William Shatner refused to reprise his role of Kirk in Star Trek IV: The Voyage Home without a promise to write and direct the next film in the franchise. Against their better judgment Paramount agreed, and to this day wish they had not. The story is absolutely silly and the direction very one-dimensional. The truth is, however, that there still are some very endearing Trek moments in the film. DeForest Kelly gives a superb performance as McCoy must face his past decision to allow his terminal father to die. Even the Kirk / Spock moments are often quite compelling. Unfortunately Shatner couldn’t help but show with how little regard he held his minor cast mates. Sulu, Scotty, Uhura, and Chekov are reduced to comic parodies of themselves. The f/x are some of the franchise’s weakest.

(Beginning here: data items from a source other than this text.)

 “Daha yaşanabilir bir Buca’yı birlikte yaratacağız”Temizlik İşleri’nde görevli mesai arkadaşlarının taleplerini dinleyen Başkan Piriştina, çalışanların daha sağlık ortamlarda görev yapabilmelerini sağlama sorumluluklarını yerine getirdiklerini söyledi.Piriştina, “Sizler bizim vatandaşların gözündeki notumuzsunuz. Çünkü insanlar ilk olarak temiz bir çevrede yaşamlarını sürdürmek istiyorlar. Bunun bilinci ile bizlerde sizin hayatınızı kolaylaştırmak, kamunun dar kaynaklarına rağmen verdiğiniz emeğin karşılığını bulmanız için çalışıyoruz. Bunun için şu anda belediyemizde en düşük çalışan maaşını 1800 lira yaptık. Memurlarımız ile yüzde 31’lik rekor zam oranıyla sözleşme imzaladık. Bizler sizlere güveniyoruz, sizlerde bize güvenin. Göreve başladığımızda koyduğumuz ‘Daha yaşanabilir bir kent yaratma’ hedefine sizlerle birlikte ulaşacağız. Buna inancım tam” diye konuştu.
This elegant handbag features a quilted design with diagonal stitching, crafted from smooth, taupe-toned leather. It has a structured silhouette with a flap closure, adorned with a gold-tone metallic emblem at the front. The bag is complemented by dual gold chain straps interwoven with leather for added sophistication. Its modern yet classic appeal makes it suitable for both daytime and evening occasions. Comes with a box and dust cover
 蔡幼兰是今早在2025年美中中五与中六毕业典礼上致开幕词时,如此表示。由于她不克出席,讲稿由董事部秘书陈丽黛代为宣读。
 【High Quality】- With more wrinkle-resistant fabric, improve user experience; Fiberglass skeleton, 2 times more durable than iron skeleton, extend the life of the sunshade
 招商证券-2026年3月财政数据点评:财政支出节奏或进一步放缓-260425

The audio is an exact duplicate of the earlier single disc release of the film. It is a pretty good mix. Highs and lows, while not outstanding, provide a robust listening experience. The surrounds are not aggressive but do have some shinning moments, particularly in the climatic encounter with “God”. Jerry Goldsmith is still one of Hollywood’s best score masters and Star Trek V contains one of his best. Dialogue is always front and center. You won’t have any trouble hearing what is said.
Star Trek V is presented in its original theatrical aspect ratio of 2.35:1. There are moments when this transfer simply shines. The blackness of space is splendid in its depth and contrast with the field of stars. Some of the f/x, while not awesome in and of themselves, look very clean. At 30 minutes there is a rather nasty film blemish, but otherwise the print is perfect and free of artifacts or specks. Colors, particularly the uniform reds, are impressive with near reference flesh tones.
Disc One contains the original film with an optional commentary by William Shatner. Shatner is at his own trademark egotistical best. In fact through most of the film’s interviews it’s hard to keep a straight face while production crew and cast refer to this film as one of Trek’s best. Shatner’s daughter and biographer also accompany him on this rather bland commentary.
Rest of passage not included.